**Aim of the exercise**
Please write out the full listing beneath this line exactly, skipping its images.

**Given material**
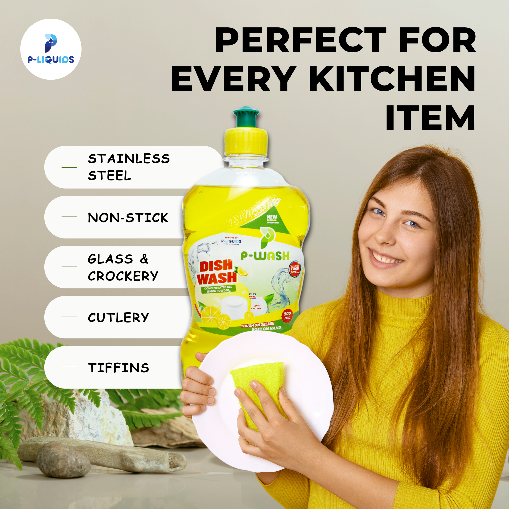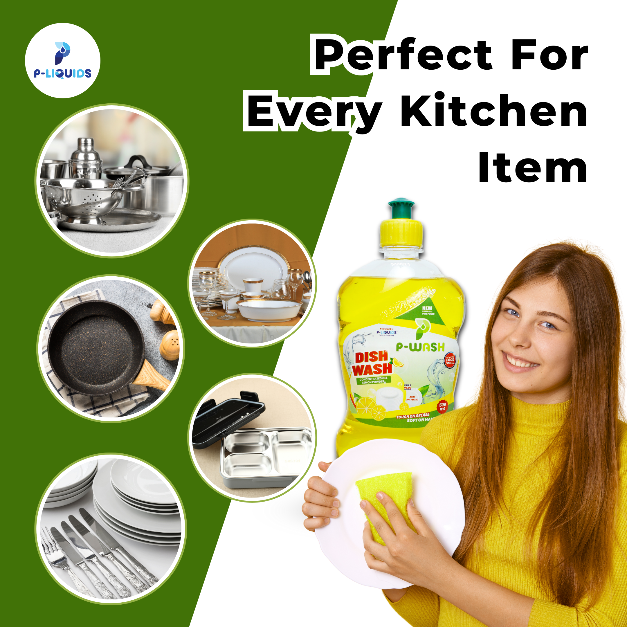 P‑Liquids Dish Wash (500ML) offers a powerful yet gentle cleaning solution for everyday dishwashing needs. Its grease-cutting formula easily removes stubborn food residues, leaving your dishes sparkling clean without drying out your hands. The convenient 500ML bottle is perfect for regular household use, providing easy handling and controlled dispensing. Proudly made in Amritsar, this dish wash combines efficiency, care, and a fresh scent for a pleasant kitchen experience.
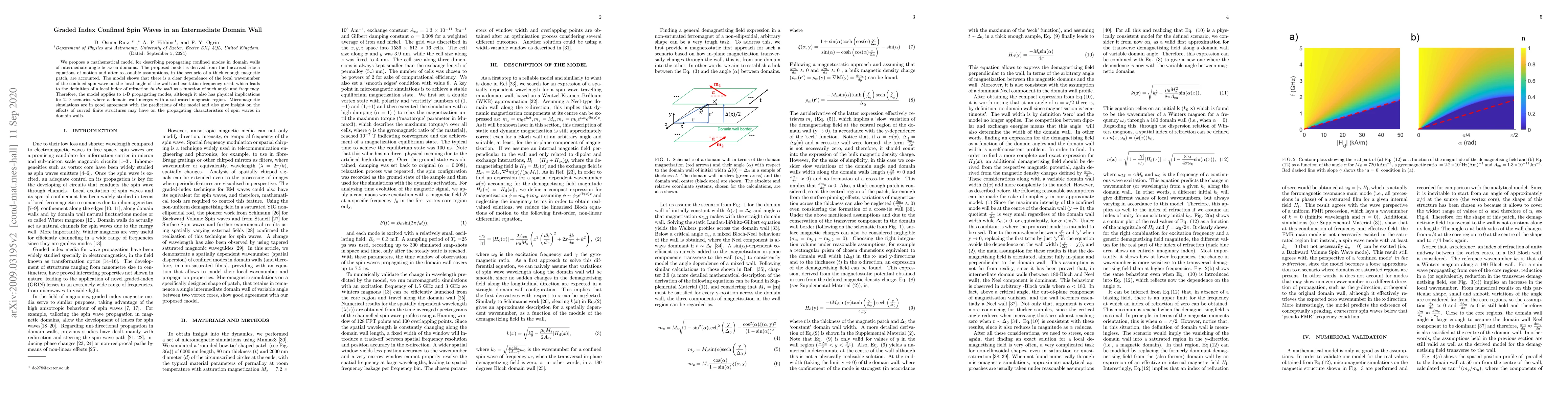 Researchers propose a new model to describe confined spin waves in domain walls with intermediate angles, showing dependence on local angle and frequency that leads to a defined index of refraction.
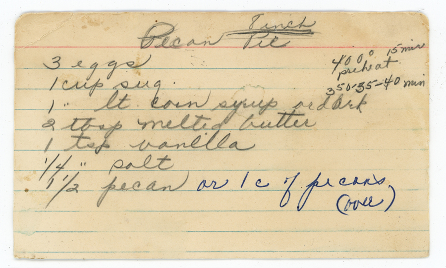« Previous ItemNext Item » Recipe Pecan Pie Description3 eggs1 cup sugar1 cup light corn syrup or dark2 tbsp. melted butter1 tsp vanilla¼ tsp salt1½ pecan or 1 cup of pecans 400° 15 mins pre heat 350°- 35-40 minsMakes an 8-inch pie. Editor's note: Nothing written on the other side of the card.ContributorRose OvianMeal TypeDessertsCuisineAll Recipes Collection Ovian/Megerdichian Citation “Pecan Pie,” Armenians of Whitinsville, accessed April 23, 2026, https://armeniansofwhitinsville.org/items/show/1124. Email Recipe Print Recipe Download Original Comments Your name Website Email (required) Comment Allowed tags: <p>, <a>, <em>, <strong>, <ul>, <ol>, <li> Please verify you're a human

**Task result**
 P‑Liquids Dish Wash (500ML) offers a powerful yet gentle cleaning solution for everyday dishwashing needs. Its grease-cutting formula easily removes stubborn food residues, leaving your dishes sparkling clean without drying out your hands. The convenient 500ML bottle is perfect for regular household use, providing easy handling and controlled dispensing. Proudly made in Amritsar, this dish wash combines efficiency, care, and a fresh scent for a pleasant kitchen experience.
 Researchers propose a new model to describe confined spin waves in domain walls with intermediate angles, showing dependence on local angle and frequency that leads to a defined index of refraction.
« Previous ItemNext Item » Recipe Pecan Pie Description3 eggs1 cup sugar1 cup light corn syrup or dark2 tbsp. melted butter1 tsp vanilla¼ tsp salt1½ pecan or 1 cup of pecans 400° 15 mins pre heat 350°- 35-40 minsMakes an 8-inch pie. Editor's note: Nothing written on the other side of the card.ContributorRose OvianMeal TypeDessertsCuisineAll Recipes Collection Ovian/Megerdichian Citation “Pecan Pie,” Armenians of Whitinsville, accessed April 23, 2026, https://armeniansofwhitinsville.org/items/show/1124. Email Recipe Print Recipe Download Original Comments Your name Website Email (required) Comment Allowed tags: <p>, <a>, <em>, <strong>, <ul>, <ol>, <li> Please verify you're a human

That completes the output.